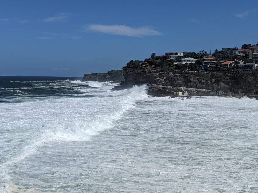 After a morning of work for online learning, I headed to Bondi beach. It is a train/bus ride to the outskirts of Sydney. I finally linked my cards to Google pay ( a luddite I know but we don’t use cards in China). This allowed me to pay directly on the bus or train.
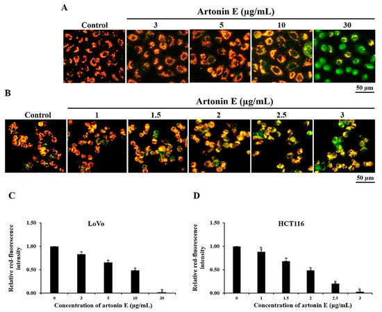 Effect of artonin E on ΔΨm in LoVo and HCT116 cells. (A) LoVo and (B) HCT116 cells were treated with different concentrations of artonin E for 6 h. Artonin E decreased red fluorescence and increased green fluorescence in both (C) LoVo and (D) HCT116 cells, compared with the control cells. * p < 0.05 compared with the control group.
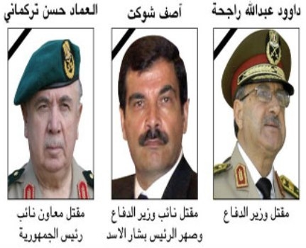 بإستشهاد القادة حسن تركماني وداود راجحه وآصف شوكت وهشام اختيار ،
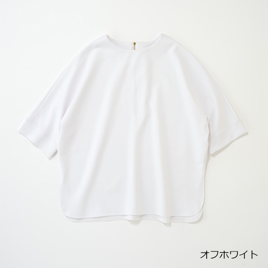 今の季節から夏まで長く活躍する一着。シンプルなTシャツもいいけれど、ドルマンシルエットならこなれ感と体型カバーを両立し、ワンツーコーデでも自信が持てます。ほどよくハリのある薄手の綿混ダンボール生地で、きれい見えするのも魅力。ワイドパンツとスニーカーに合わせてもカジュアルになりすぎず、洗練された大人のリラックススタイルに。シワになりにくく手洗い可能だから、子どもとの公園遊びや急な抱っこにも汚れを気にせず思いきり楽しめます。
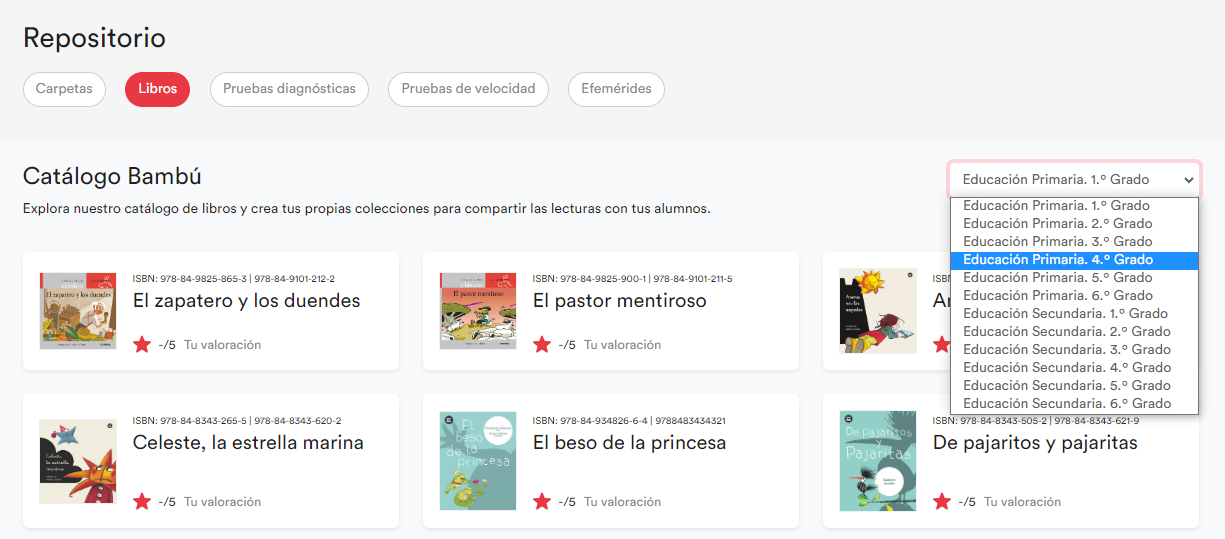 Sección que incluye los libros de fondo de Bambú agrupados por grados.
+++++
Please retype the whole of the data precisely, omitting pictures.

 After a morning of work for online learning, I headed to Bondi beach. It is a train/bus ride to the outskirts of Sydney. I finally linked my cards to Google pay ( a luddite I know but we don’t use cards in China). This allowed me to pay directly on the bus or train.
 Effect of artonin E on ΔΨm in LoVo and HCT116 cells. (A) LoVo and (B) HCT116 cells were treated with different concentrations of artonin E for 6 h. Artonin E decreased red fluorescence and increased green fluorescence in both (C) LoVo and (D) HCT116 cells, compared with the control cells. * p < 0.05 compared with the control group.
 بإستشهاد القادة حسن تركماني وداود راجحه وآصف شوكت وهشام اختيار ،
 今の季節から夏まで長く活躍する一着。シンプルなTシャツもいいけれど、ドルマンシルエットならこなれ感と体型カバーを両立し、ワンツーコーデでも自信が持てます。ほどよくハリのある薄手の綿混ダンボール生地で、きれい見えするのも魅力。ワイドパンツとスニーカーに合わせてもカジュアルになりすぎず、洗練された大人のリラックススタイルに。シワになりにくく手洗い可能だから、子どもとの公園遊びや急な抱っこにも汚れを気にせず思いきり楽しめます。
 Sección que incluye los libros de fondo de Bambú agrupados por grados.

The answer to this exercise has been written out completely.